Reb Meir Simcha writes that although we learned that if an animal damages in a public domain through shein or regel, he is liable to pay for what he benefitted, this is not a compensatory payment for the damages, for the Torah teaches us that one is exempt from paying for shein or regel in a public domain. He is paying, not because he is a damages; but rather because he is regarded as a debtor to the owner of the field. Accordingly, he would not pay according to the anticipated value of the produce at the time of the harvest either, for that is a halachah which applies only by a damager.
Deducting the Food
Rabbi Yosi said: If one caused a woman to miscarry, deduct the fees of the midwife (that the husband would have paid in order for someone to help his wife with the delivery). [The defendant saved the husband money which he potentially would have paid.] Ben Azzai says: Deduct (the extra) food (which the husband would have been required to provide for her during the pregnancy).
The Gemora notes: The one who says to deduct the fees for the midwife would certainly deduct food, but the one who says to deduct the food would not necessarily hold to deduct the fees for the midwife, as the husband might say, “My wife is proficient at giving birth and does not need a midwife.”
The Rashba quotes Rabbeinu Tam that the food we are discussing is the food that the woman would eat after the birth of her child, for then she requires special sweet food.
Another explanation is that we are referring to the sustenance of the child, which the father would have been required to provide.
Accordingly, the Raavad explains that we would deduct the cost of the child’s food for six years, for it is until that age that the father has an obligation to provide for his child.
The Rashba asks that if so, it would emerge that the cost of the food (for six years) would be more than the worth of the child, and what would the attacker pay?
The Gemora relates an incident: Eliezer the young one once put on a pair of black shoes (which was the common practice among mourners) and stood in the market place of Nehardea. When the officers of the house of the Exilarch found him there, they asked him, “Why are you wearing black shoes?” He said to them, “It is because I am mourning on the destruction of Yerushalayim.” They asked him, “Are you such an important person (like a Torah scholar) that you would mourn over Yerushalayim?” Considering this to be haughtiness on his part, they took him and placed him in prison.

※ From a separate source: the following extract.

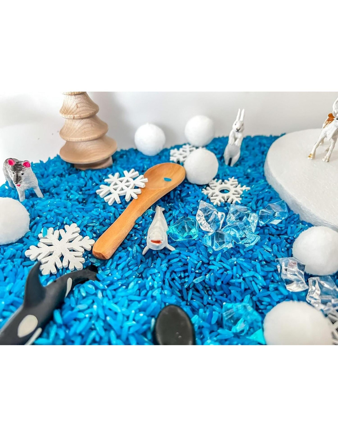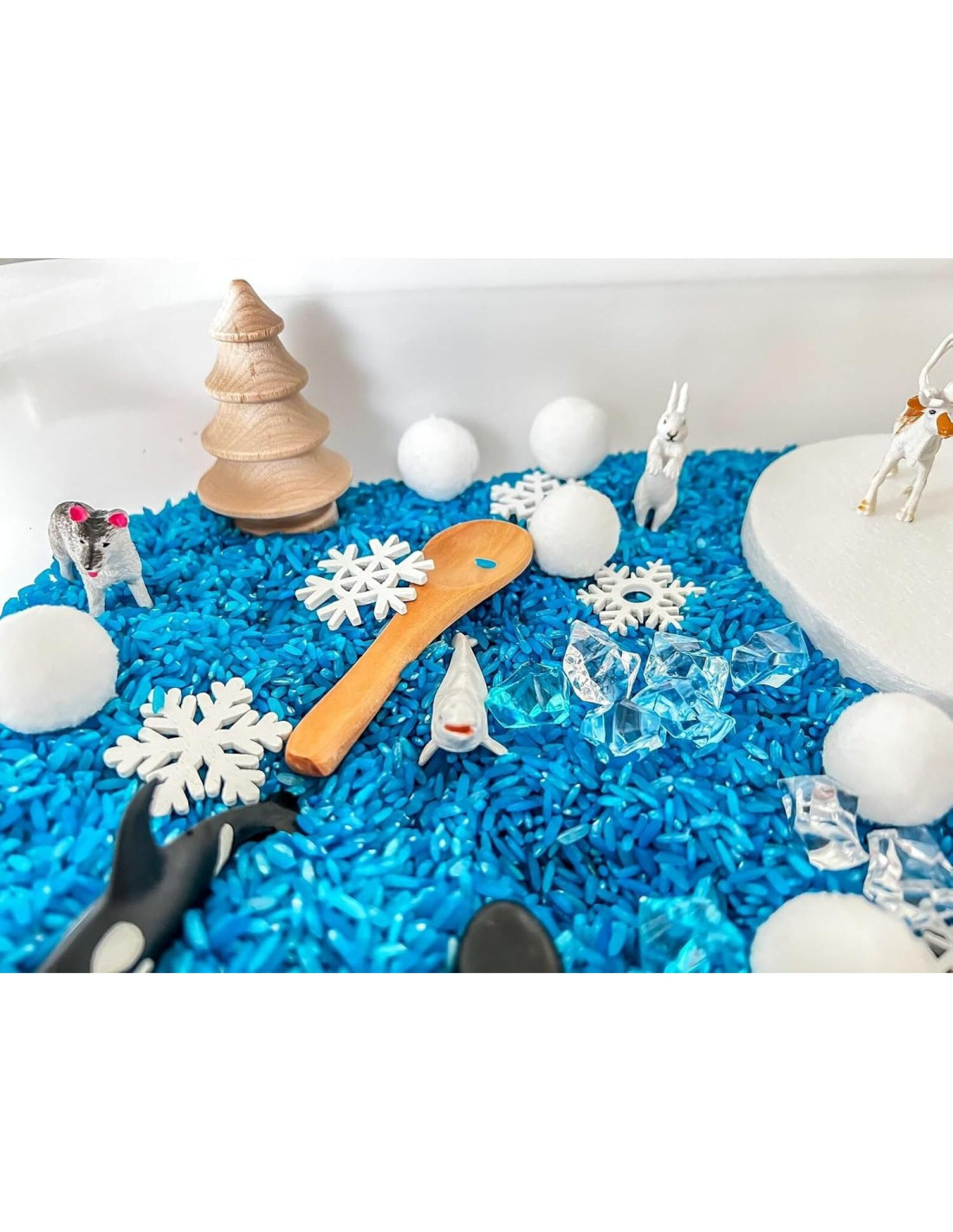 - ¿QUÉ INCLUYE ESTE JUEGO?: 6 Tazas de Arroz Azul (agua), 1 conjunto de animales árticos, 10 copos de nieve de madera, 15 gemas azules y transparentes mezcladas, 10 bolas de pom pom blancas (bolas de nieve), 1 disco de espuma de 6" (flotador de hielo), 1 cubo de madera, 1 cuchara redondeada de madera, 1 cuchara de madera, bolsas con cordón para guardar todo. ¡LA BANDEJA SENSORIAL NO ESTÁ INCLUIDA EN ESTE JUEGO!

Tosfos comments that it would appear from this story that it was not the norm to wear black shoes.
It is also apparent like this from a Gemora in Taanis (22a), where Rav Broka asked a Jewish prison warden: Why don’t you have tzitzis on your garment and why do you wear black shoes, unlike other Jews?” The man answered, “I mix with non-Jews and want to conceal my Jewish identity from them. In this way when I hear that the government is plotting against the Jews, I run to tell the rabbis that they may pray and nullify the decree.”
Tosfos challenges this from a Gemora in Beitzah (15a) that indicates the opposite. The Mishna rules that it is forbidden to send a white shoe to someone during the Intermediate Days of Yom Tov because we are concerned that an effort will be made to blacken them in a manner that is forbidden. Evidently, it was common practice to wear black shoes!?
Rabbeinu Tam answers that Jews did wear black shoes, but the shoelaces were white. Eliezer the young one added black laces to his black shoes as an expression of mourning and the prison warden did the same in order not to be recognized as a Jew.
Tosfos concludes that this is the reason why the Gemora in Sanhedrin (74b) rules that during a time when the idolaters are trying to force the Jewish people to assimilate and convert to their religion, it is even forbidden to wear shoelaces like those of non-Jews, and it is obligatory for a Jew to die rather than comply with their oppressors instructions to the contrary. This is further proof that the Jewish people’s shoelaces were of a color different than that of their non-Jewish neighbors.